Between 1950 and 2013, 1995 scientific articles were published that have the terms “periodontal diseases” and “antibacterial agents” as Medical Subject Headings. Which of these articles provides information that is clinically relevant? Are those articles that are clinically relevant selected and accurately summarized in educational courses, textbooks, or systematic reviews? Relying on authority to ensure that this happened can be dangerous.
Einstein purportedly said that “his own major scientific talent was his ability to look at an enormous number of experiments and journal articles, select the very few that were both correct and important, ignore the rest, and build a theory on the right ones.”7 Most evidence-based clinicians aspire toward the same goal when evaluating clinical evidence. In this search for good evidence, a “baloney detection kit”69 can be helpful to separate salesmanship from science and suggestive hints from unequivocal evidence. This chapter introduces 12 tools that might be useful in assessing causality in clinical sciences.
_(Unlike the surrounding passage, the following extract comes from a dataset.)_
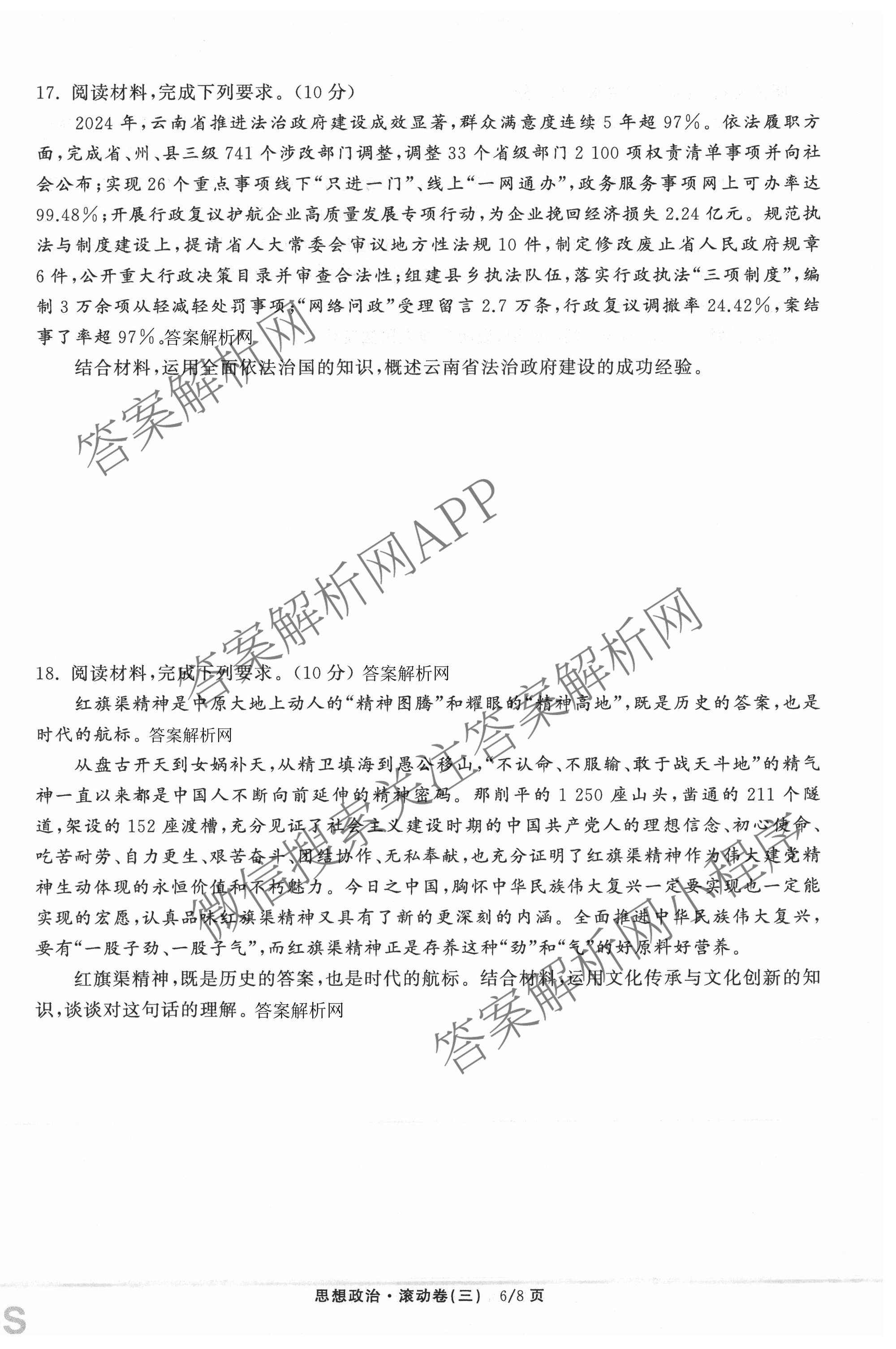 - 高三[衡中同卷]2025~2026学年度复习滚动卷(三)3政治(GS)试题

By 1990 it was concluded that “available data thus strongly support the hypothesis that dietary carotenoids reduce the risk of lung cancer.”80 Beta carotene (β-carotene) was hypothesized to interfere passively with oxidative damage to deoxyribonucleic acid (DNA) and lipoproteins,40 and these beliefs in part translated into $210 million sales of β-carotene in 1997 in the United States. Was this convincing evidence or should it be evaluated skeptically? Two large randomized controlled trials (RCTs) were initiated and both were stopped prematurely because β-carotene increased lung cancer risk, cardiovascular disease risk, and overall mortality risk.1,59 In 2005, the primary investigator of one of the trials reported that “beta-carotene should be regulated as a human carcinogen.”58
Evidence on how to cure, manage, or prevent chronic diseases is notoriously contradictory, inconsistent, and unreliable. Mark Twain reminded people to be careful when reading health books because one may die of a misprint.68 Powerful forces conspire to deliver a preponderance of misleading results:
1. Identifying a successful treatment for chronic diseases can be challenging. It has been estimated that less than 0.1% of all investigated treatments are effective. Because the odds for identifying successful interventions for chronic diseases are so small, most so-called effective treatments identified in small clinical trials turn out to be noneffective or even harmful when evaluated in rigorously conducted pivotal trials.
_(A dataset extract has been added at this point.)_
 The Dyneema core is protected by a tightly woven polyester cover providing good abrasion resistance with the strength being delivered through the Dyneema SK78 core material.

2. Chronic diseases can be complex and include both environmental and genetic causes. The “obvious” causes of disease, such as radiation, tobacco, and sugars, are often ignored, while more profitable etiologic hypotheses are explored ad nauseam. As a result of such biased epidemiologic research, incomplete and mistaken understandings of chronic disease etiology can lead to a cascade of wrong turns in the exploration of possible diagnosis, prognosis, and treatment.
3. Poor scientific methodology is a common problem permeating most of the evidence that surrounds us. Popular press headlines tell it all: “Lies, damned lies and medical statistics,”66 “Undermined by an error of significance: a widespread misconception among scientists casts doubt on the reliability of a huge amount of research,”51 and “Sloppy stats shame science.”40,70
Finally, the possibility needs to be considered that no “Zauberkugeln” or magic bullets exist against certain noxious aspects of the civilized lifestyles. Vitamin A was supposed to be the magic antidote for smoking and fluoride for sugar. The extent to which antidotes worked varied from highly effective to harmful.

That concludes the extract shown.